Con las trampas destruidas por el Antiguo señor de Kass Hipeg, llegó casi sin retrasos a la salida de la pirámide. Era de día, ¿cuánto tiempo estuvieron abajo? por lo menos 36 horas. Tomo las valijas de Gome sin pensarlo dos veces y con un disco flotante las movió hasta la entrada de la piramide de Tezca.
Entro sin perder la compostura. Con la mirada fria y crítica de un cliente en una tienda en la que es bien conocido.

-¡Quorlandu, Encarnación de Tezca, vengo a honrar nuestro convenio! ¡Muestrate! ¡Solicito recibir asistencia Mágica y traigo bienes que intercambiar, veras que no es un mal trato! ¡Muestrate Quorlandu!
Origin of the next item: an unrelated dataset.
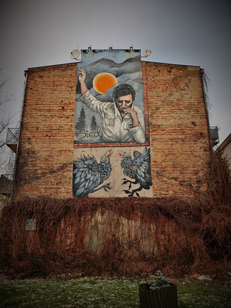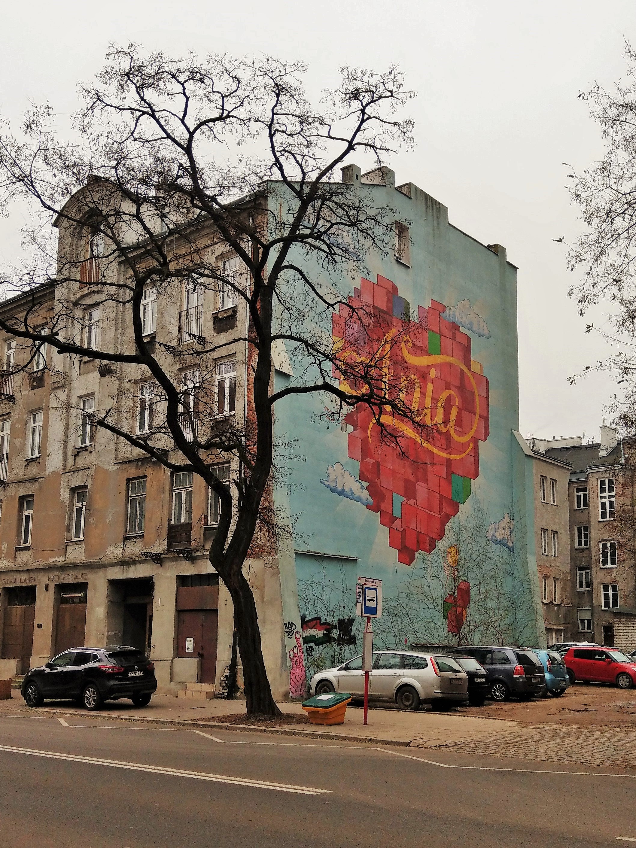 Napis „Bailout folks!” można przetłumaczyć jako „Dofinansowania, ludziska!”, ale nie wygląda, żeby ten apel został wysłuchany. Wręcz przeciwnie – po drugiej stronie budynku był mural poświęcony Stanisławowi Grzesiukowi, ale go zamalowano. Zresztą i tak nie byłby zbyt widoczny, bo postawiono przed nim biurowiec.

Una elegante y resplandeciente criatura, en la forma de un elfo bello y de estatura moderada, salió de la obscuridad hacia Anwar, su cabello rubio y largo iba cuidadosamente recogido y trenzado hacia atras. Vestia ropas del Guinda y purpura más fino con los 7 broches de la sabiduría en alamares dorados en su larga e impecable camisola. Sus ojos eran los del mismo Tezca, de plata y brillo de las estrellas mas lejanas. Era la imagen de la opulencia. Con la máno izquierda movia a distancia las hojas de un libro que flotaba a la altura de sus hombros. Su brazo derecho iba sobre un bastón de marfil y carnelian que emitía un placentero olor. Con una voz infinitamente educada y clara dijo:
-Es un placer vete de nuevo, Señorita Bitwitch. ¿Qué puedo hacer por ti el dia de hoy?